Explica-se que embora a CF não restrinja o tempo da licença para o exercício de mandato classista, ela não impede que a legislação infraconstitucional o faça, por ser texto normativo cuja semântica e significado envolve a denominada aplicabilidade contida ou restringível.
Cita-se dispositivo da Lei federal 8.112/1990 que, à semelhança da lei complementar municipal em análise, limita o gozo dessa licença e já foi considerado válido. Alega-se que o intuito da LC 16/2007 é preservar a participação dos agentes públicos administrativos nos sindicatos, de forma que os mesmos dirigentes não se perpetuem nos cargos.
É o relatório.
Decido.
A irresignação merece prosperar.
Verifico que a Corte de origem reconheceu o direito do ora recorrido à licença para exercício de mandato classista, sob o fundamento de que o Município “não está autorizado a impor a duração do mandato ou, ainda, estabelecer o tempo de duração em que será exercida a representação sindical”. Confira-se trecho do acórdão recorrido:
“Passando a analisar o mérito, verifico que resta demonstrado nos autos que o impetrante foi eleito para o cargo de presidente do Sindicato dos Servidores Públicos Municipais de Estância – SINDSEME, com início em 02/08/2016 e término em 02/08/2019, ocasião em que foram-lhe concedidos dois anos de licença.

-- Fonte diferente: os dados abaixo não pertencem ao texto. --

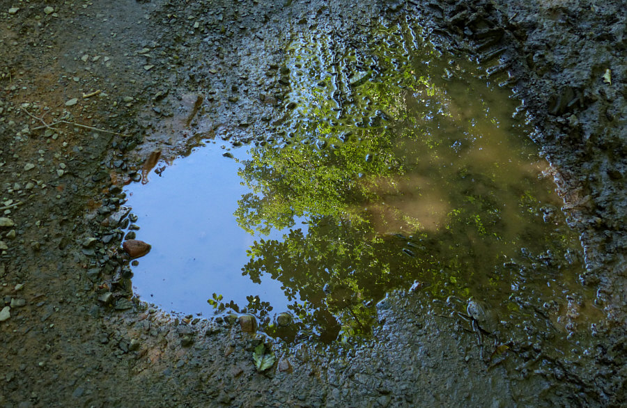 Sogar in den Pfützen spiegelt sich der sonnige Wald ...
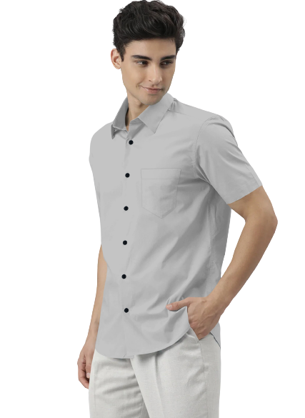 Men's Solid Slim Fit Cotton Half Sleeves Silver Shirt
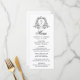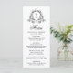 Lägg till en tidslfri tryckning på mottagningsmenyn i bord med eleganten svart blommigt i bröllop. Utformningen har parets monogram som är inramat av en sofistikerad, svart botanisk vapensköld på vit bakgrund. "Menu" visas i grå, svart calligrafi överst, följt av utrymme för att anpassa parets menyval namn, bröllop och anpassningsbar. Perfekt för klassiska, formella eller svarta och vita teman för bröllop anger personligen en förfinad ton för firande.

Ocorre que a terceira licença para o período final do mandato classista foi negada, sob o fundamento de o §2º, do artigo 136 da Lei Complementar nº 16/2007 do Município de Estância estipula que a licença terá duração de 12 (doze) meses, podendo ser prorrogada por igual período.
Ora, como ressaltou o Ministério Público e o Juízo a quo, embora dotado de autonomia, o Município não está autorizado a impor a duração do mandato ou, ainda, estabelecer o tempo de duração em que será exercida a representação sindical, pois a livre associação profissional ou sindical está assegurada na Constituição Federal. Veja-se: (...)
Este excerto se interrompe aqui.